The good news is it's a design problem, not a model problem.


Grandmaster. Card Shark. Scrabble Player. #

The grandmaster is easy to admire. Every piece visible, every threat calculable, every move planned within a complete picture. Commitment has real value when the task is well-defined, the inputs are reliable, and the goal doesn't shift.

The card shark looks compelling too. Adaptive, responsive, always reading the room. But a card shark who never commits loses. Constant reassessment without execution is just hesitation with good instincts.

What you want is a Scrabble player — someone who arrived with a plan, reads the board as it changes, and commits when the moment is right.

So why don't agents work that way already?


Why Agents Default to the Chessboard #

When an AI agent works through a task, it generates text one token at a time — each word shaped by everything that came before it. Once it has written out a plan, that plan sits in its working memory, pulling every subsequent step toward consistency with it. The further it goes, the harder it becomes to deviate. A committed plan becomes self-reinforcing.

One contributing factor is the training data itself. These models learned from an enormous amount of human text, and the overwhelming pattern in that text is: people start things and finish them. Stopping midway, backtracking, saying "actually my earlier reasoning was wrong" — that's statistically rare in human writing. So the model absorbed a deep prior toward completion.

The result is what I'd call completion bias: a strong, baked-in instinct to execute the plan within a single context window. Not because the agent is stubborn, but because forward progress is what it learned to do.

For now, the grandmaster is where every agent begins.


What Goes Wrong #

Completion bias isn't abstract. Consider what happens when a task hits a partial failure — one tool call succeeds, the next returns an error.

I ran a small test across four deliberately underspecified tasks. A baseline agent (no intervention) retrieved Q3 2024 revenue successfully, then hit an archive error for Q3 2023. It reported the blocker clearly — and then kept going anyway, producing a worked example with a fabricated $3.5M baseline and a calculated YoY growth figure. The task looked complete, but the numbers were invented.[1]

That's the failure mode in its clearest form: not a crash, not silence, but a plausible-looking output built on a foundation the agent admitted it didn't have.

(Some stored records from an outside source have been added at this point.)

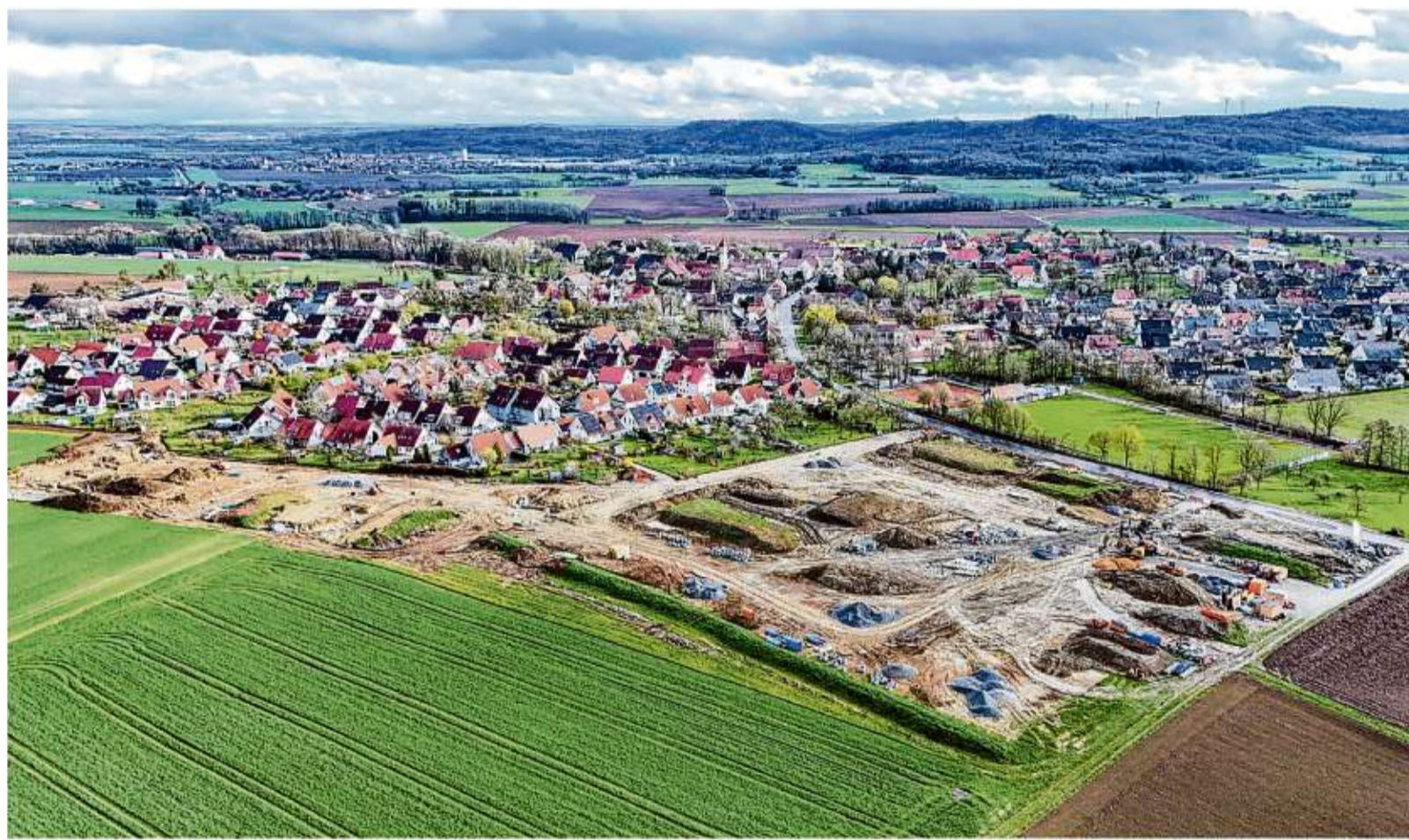
Das Baugebiet Langwiesen in Tübingen. Der nordöstliche Zipfel (unten links), soll mit 15 Bauplätzen vermarktet werden.
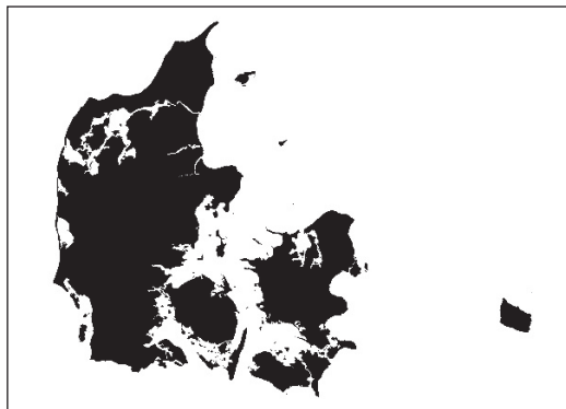
Figur 1. Kartografiske repræsentationer af staters landområde bliver ofte set som symboler på staten. Mange vil identificere figuren ovenfor som Danmark alene ud fra gengivelsen af landterritoriet. (Udarbejdet af forfatterne på baggrund af data fra Geodatastyrelsen 2016).

Kort må derfor også studeres og anvendes med samme forbehold, som gælder for eksempelvis skriftlige kilder. Det vil sige med et kildekritisk blik samt en forståelse for, at kortet ikke formidler objektive budskaber, men netop er indlejret i en bestemt agenda og formål - eller direkte produceret som propaganda for en bestemt version af virkeligheden (Pickles, 1992). Selvom dette er velkendt,
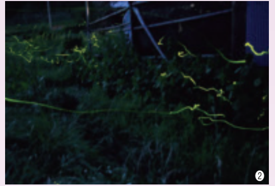
①色とりどりの花を咲かせたアジサイ（龍門の滝）、 ②横枕の明星池のほたる、③富士見台工業団地入口の池で花咲く蓮の花、④ホタルブクロ（龍門の滝）
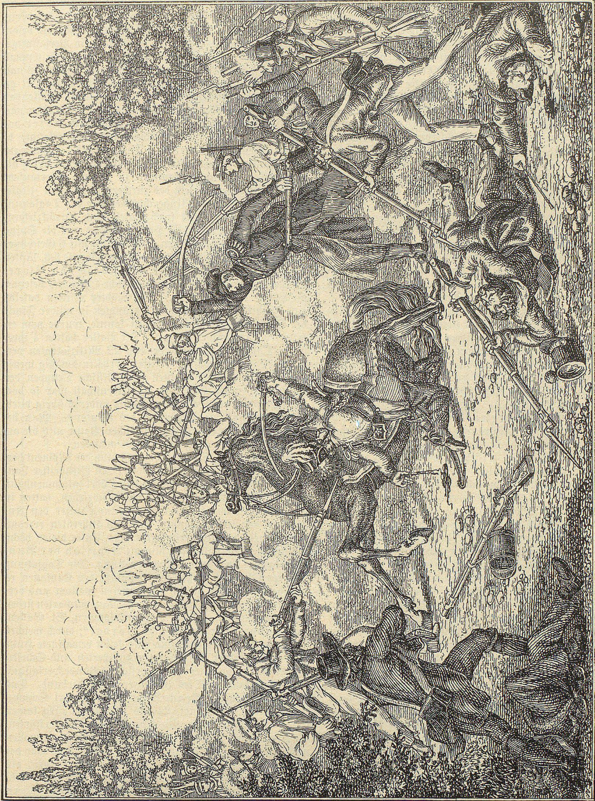
Niederlage der Basler in der Hardt den 3. August 1833. Zeichnung von Martin Disfeld.
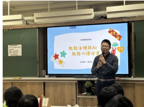
例會主題專業分享
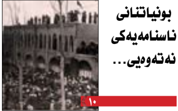
بونیاتانی ناسامه یه کی نه ته وهی...

The pattern generalizes to three specific ways completion bias surfaces in longer tasks. Plan fixation: a step produces a result that makes a later step unnecessary, but the agent runs it anyway. Error propagation: a tool returns quietly wrong data, which flows into every downstream step as valid input. Missed shortcuts: the agent reaches the answer at step two and executes four more steps because that was the plan.

None of these require a catastrophic failure to cause damage. A three-step task without reassessment is probably fine; a fifteen-step task is a compounding error machine.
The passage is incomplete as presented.